"Re: How to test pots? Just de soldered using wick for first time"
Here is one place where an analog (volt or ohm, but the point is: a test meter) meter is neater than a DVM...but not absolutely req'd.
Pots can fail in about 3 or 4 or 5 ways. All of which you can detect with an volt/ohmmeter, but it is also worth your time IMHO to play with a battery and a resistor and a pot and your meter to acquire a better-than-intellectual feel for what a pot does; how it acts, and how your particular meter acts/reads out the variable resistance as you, yourself, vary it with your fat fingers. Like if you were a kid fooling around with it. Totally serious, this is what we call an "acquaintance" exercise. In general, they are pretty rugged devices. For a pot to work and be your friend it has to:
1: Have an end-to-end resistance sort of resembling its rated value. This can be WILDLY off. +/-20% is very common. One way pots fail is to have the "horseshoe" of res mat'l break...so they open up from term 1 to 3. Under these conditions, it is possible that the wiper will work, for SOME PART of the pot's rotation. Because the crack in the horseshoe mat'l is usually a hairline crack, and the "point" of the wiper will, as you turn the pot slowly, work-work-work-work NOT WORK oncce it gets to the "far" side of the crack.

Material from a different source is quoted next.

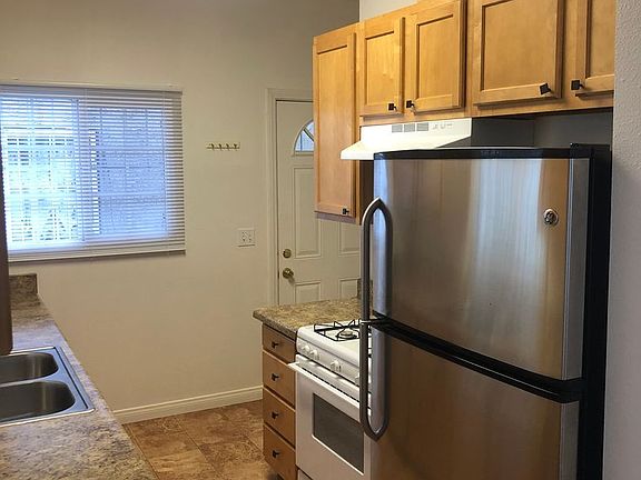 Ample counter spaceModern appliancesBeautiful hardwood-style floorsWarm wood cabinetry

2: The wiper has to make contact all the way from one end of the pot rotation to the other. It's common for a pot to genrally work but be very noisy and herky-jerky at one or both ends. Sometimes the wiper opens up completely and makes NO contact with the horseshoe. VERY rare in my experience, but I acknowledge that import parts can fail in ways that traditional, domestic parts never even thought of.
3: Pots also have a "taper" which will not prevent them from working if you have the wrong kind...I will not address that here.
4: The wiper has to maintain smooth contact at all positions, or it will produce static or noise in the circuit. This is by far the most common fault---a piece of dirt gets in there and the pot gets "scratchy". Deoxit or other "pot spray" is the cure.